Партнер ее, Игорь Ильинский, был блестящ, эмоционален, капризен и смел. Он не боялся отчаиваться, даже плакать на репетициях, но не боялся и вступать в пререкания с Мастером. Он умел следовать режиссерскому показу, но {23} не был лишен артистического своеволия. Мейерхольд радовался его таланту, иногда уступал; вопреки позднейшей легенде, он легко принимал талантливые импровизации актеров. Он терпеливо, скрупулезно добивался почти цирковой слаженности игры пылкого Брюно и его медлительного бессловесного наперсника, писаря Эстрюго, которого играл Зайчиков. Сорок лет спустя Игорь Владимирович расскажет, как про себя он старался «заземлить» задания Мейерхольда, сделать их «психологически реальными»[12]. Его эксцентрика покоилась на фундаменте живой, реалистической фантазии, которая впоследствии сделает его одним из самых органичных актеров Малого театра.

Ни тогда, ни после Бабанова не обнаружила стремления реалистически расшифровать для себя блистательные показы Мастера.

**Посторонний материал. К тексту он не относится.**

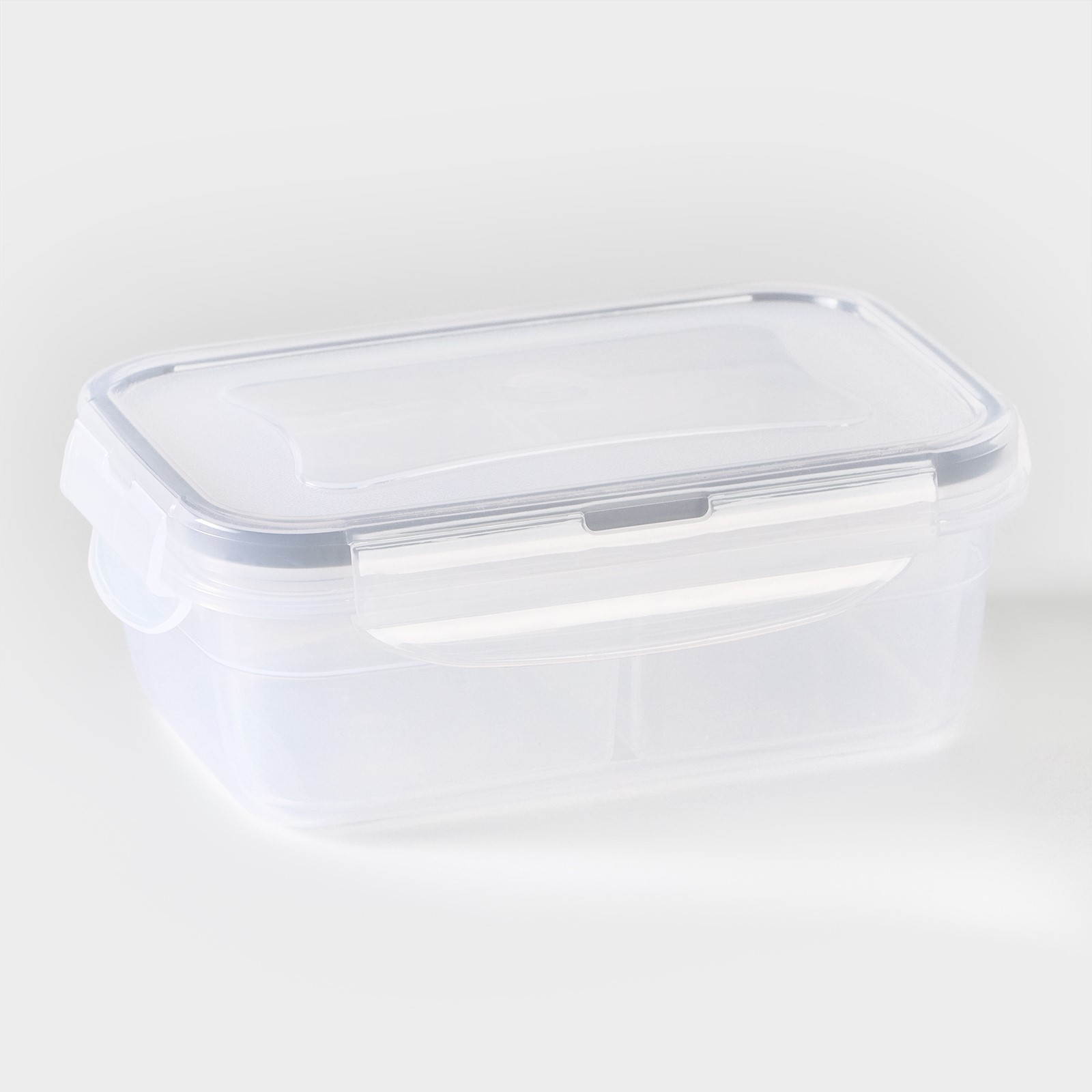 Пластиковый ланч-бокс оснащен герметичной крышкой.

Мейерхольду шел сорок девятый год, но был он, как никогда, одушевлен, темпераментен и виртуозно точен в своих режиссерских демонстрациях. Может быть, освобождение от каменной десницы императорской Александринской сцены тут сказалось («Маскарад» Мейерхольда, сыгранный премьерой в последнюю ночь русского самодержавия, стал ему великолепным и мрачным надгробием). Может быть, молодящая радость свободного эксперимента с талантливым юным народом «лаборатории». Может быть, наступающая великая любовь его к одной из учениц — Зинаиде Николаевне Райх. «Это все у вас не выходит потому, что вы близоруки, — весело говорил он Ильинскому. — Внимательно смотрите за мной и повторяйте. Тогда все выйдет»[13].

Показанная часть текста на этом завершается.